Teknik ini dikomersialkan pada tahun 1987 ketika perusahaan teknik kimia ICI membuka pusat pengujian DNA di Inggris. Metode ini sekarang menjadi prosedur forensik rutin di banyak negara.

Salah satunya yang berhasil mendapatkan informasi tentang ibunya setelah berpisah puluhan tahun adalah Margaret. Margaret diadopsi oleh seorang wanita berkebangsaan Inggris saat Ia berumur 6 bulan.

Margaret selama ini hanya tahu bila Ibu kandungnya sudah meninggal. Namun, tim profiler DNA dari Universitas Leicester berhasil menemukan Ibu kandungnya yang saat ini tinggal di Irlandia. Sebagaimana dipublikasi oleh BBC dalam program Rahasia DNA, Margaret mengaku sangat bahagia dan ingin segera berkunjung ke Irlandia menemui Ibunya yang diketahui tengah berada di panti jompo.

“Apakah Dia hidup bahagia selama hidupnya?” tanya Margaret kepada petugas forensik yang membantunya mencari Ibunya.

“Ya, Dia sangat bahagia,” jawabnya.

Mendengar jawaban tersebut Margaret sangat lega dalam tangis. Margaret juga sangat kaget saat diberitahu bila Ia juga memiliki adik. Usai diberi tahu oleh petugas forensik, Ia langsung menghubungi adiknya yang juga tinggal di Irlandia bersama ibunya.

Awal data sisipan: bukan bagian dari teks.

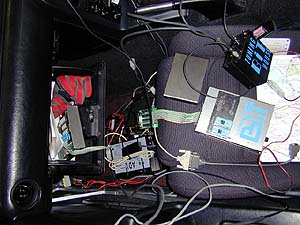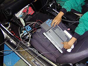 なんつー物々しい風景でしょ。そりゃもう大騒ぎ(笑)。接続されているのは、A/Fと点火時期と回転数をリアルタイムでモニタしながらログを採れるというAF640、某rs501謹製ROMチェンジャ、某リアルタイムROMエミュレータ、など。でもエアフロ付きシステムなら、こんな大袈裟なモンを使わなくても空燃比計が有ればセッティングは容易に出せるんだけどね(笑)。
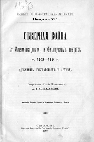 Сборник военно-исторических материалов. Вып. V-й. Северная война на Ингерманландском и Финляндском театрах в 1708-1714 г.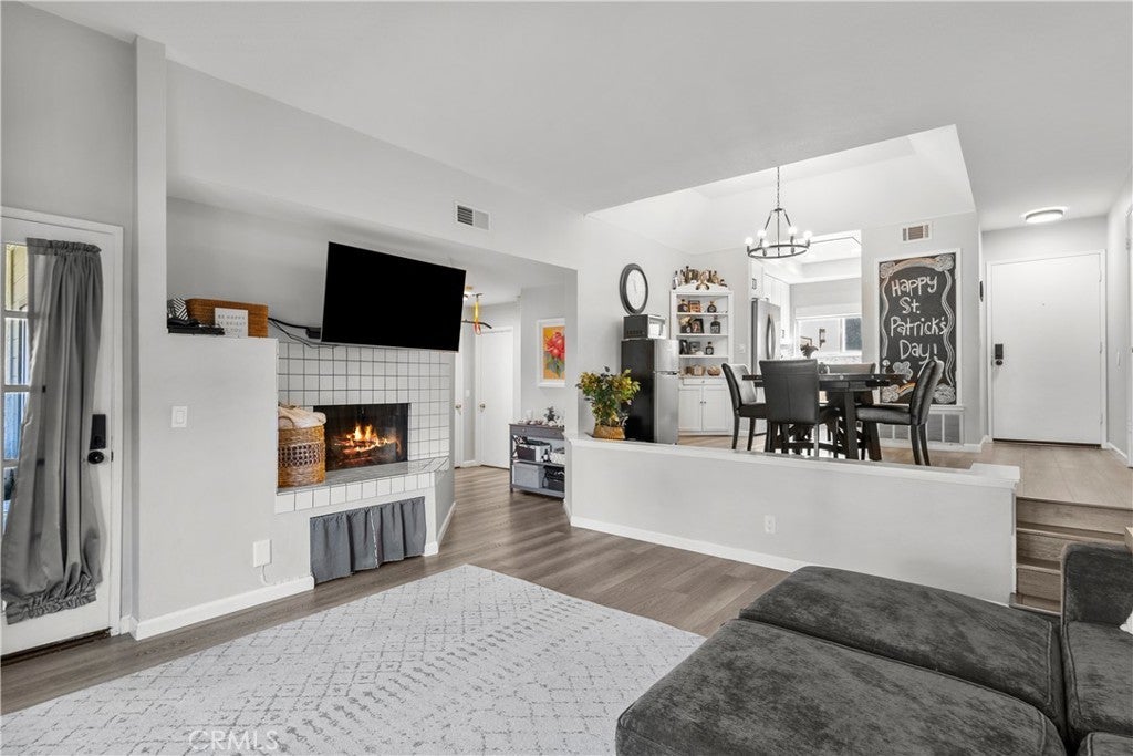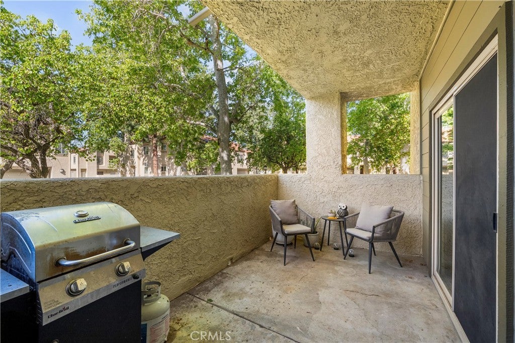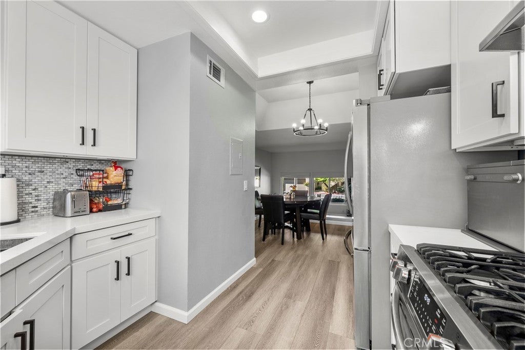 Welcome home to this charming, turnkey 2-bedroom lower-level condo offering style, comfort, and convenience in one beautifully upgraded package. From the moment you step inside, you’ll appreciate the light-filled, open layout featuring soaring ceilings, fresh paint, and upgraded luxury vinyl flooring that create a warm and inviting atmosphere. The remodeled kitchen is designed to impress with newer stone countertops, white custom cabinetry, stainless steel appliances, a farmhouse sink with upgraded faucet, and a designer tile backsplash—perfectly blending modern finishes with everyday functionality. The kitchen flows seamlessly into the open dining area and spacious living room, where a cozy fireplace creates the ideal setting for relaxing or entertaining. Large windows fill the home with natural light, private patio off the living room, creating a perfect indoor-outdoor living space. The oversized bedrooms offer exceptional comfort, including a generous primary suite with direct patio access. The beautifully upgraded bathroom features dual sinks, granite countertops, custom white cabinetry, designer tile flooring, and a separate tub and shower area with custom tile surround, delivering both style and practicality. Additional highlights include indoor laundry area, dual-pane windows, one garage parking space plus one assigned parking space, and access to outstanding community amenities including a pool, spa, tennis courts, parks, and optional RV storage. Ideally located close to dining, shopping, schools, and recreation, this move-in-ready home offers an unbeatable combination of upgrades and location. Hurry—homes like this don’t last long!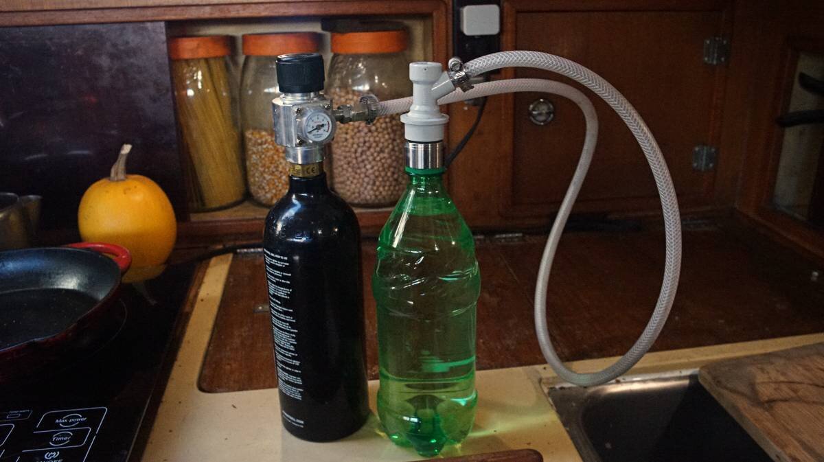 We do enjoy having some fizzy water now and again. Carbonation elevates aroma and produces an appealing mouthfeel often described as "tingling". Because we lack refrigeration aboard Pino, in the summer carbonated water feels cold even if it isn't.

“Saya menghubunginya dan bicara di telepon selama 1 jam untuk pertama kalinya. Ternyata kami berdua selama ini sellau berharap memiliki saudara perempuan,” ungkapnya.

Sementara itu, di Indonesia, penggunaan tes DNA serupa seperti di Inggris masih jarang dan bahkan belum ada. Padahal tes DNA seperti ini sangat penting diberikan kepada keluarga-keluarga yang di era perang Jepang dan Belanda dipisahkan satu sama lain.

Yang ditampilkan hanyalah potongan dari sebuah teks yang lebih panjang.